In the 21st century we are almost permanently attached to our digital lives. Like many small business owners I like to be with my phone as much as possible to respond to enquiries from potential clients. For the rest of us we enjoy the endorphin hit of a social media comment, like, or funny video to pass the time. In the spa area at my gym I even see people scrolling Instagram or watching the match in the jacuzzi pool.

Swimming is one of the few chances we have to step away from the internet and simply exist as ourselves. Ploughing up and down a lane is one of my happy places, as I can get lost completely in my thoughts. I can take the time to think over my problems, what I want for dinner, business ideas, how I want to spend my weekend, process my emotions or anything else which has been bubbling under the surface. I essentially wrote this article in my head while swimming 2.5KM last night.

If I was swimming 4KM twice a day as part of a development squad I would probably feel slightly differently about this, but as most triathletes will swim 2-3 times a week, do we really need to go to great lengths and expense to listen to Fleetwood Mac during that time?

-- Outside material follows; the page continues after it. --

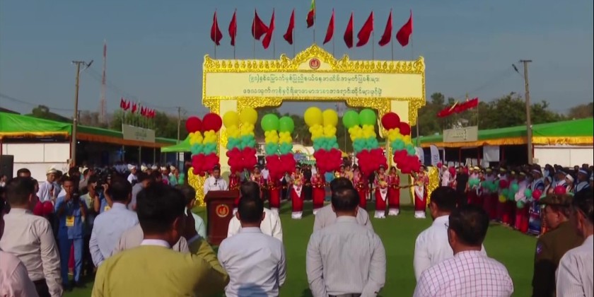 Following arrival, General Aung Lin Dwe and members attended the opening ceremony of exhibitions marking the 51st Mon State Day at the Thamein Baran (Multipurpose Ground) in Mawlamyine. The event featured commemorative displays, MSME local product exhibitions, and traditional food stalls.

We’re all individuals, and there could well be a reason that you need to keep yourself as distracted as possible at all times, but most of us could probably do with unplugging for a couple of hours a week.

Strength and Conditioning

Just a footnote here really. If you include strength and conditioning in your training (which you do, don’t you?!), then there are no downsides to listening to music in the gym, the soundscape of men grunting and dropping weights is hardly atmospheric, and it’s not like your triathlon race involves any weightlifting.

Conclusion

There is nothing inherently wrong with listening to music while triathlon training, but it’s important not to become reliant on it to the point that the absence of it makes you feel anxious. As your relationship with training develops over time, you will likely become less reliant on music to keep you motivated, and I recommend you embrace this.

Bone conduction headphones are available to purchase which help improve your awareness while listening to music, but they are still banned at most races, so I recommend not becoming overly reliant on them.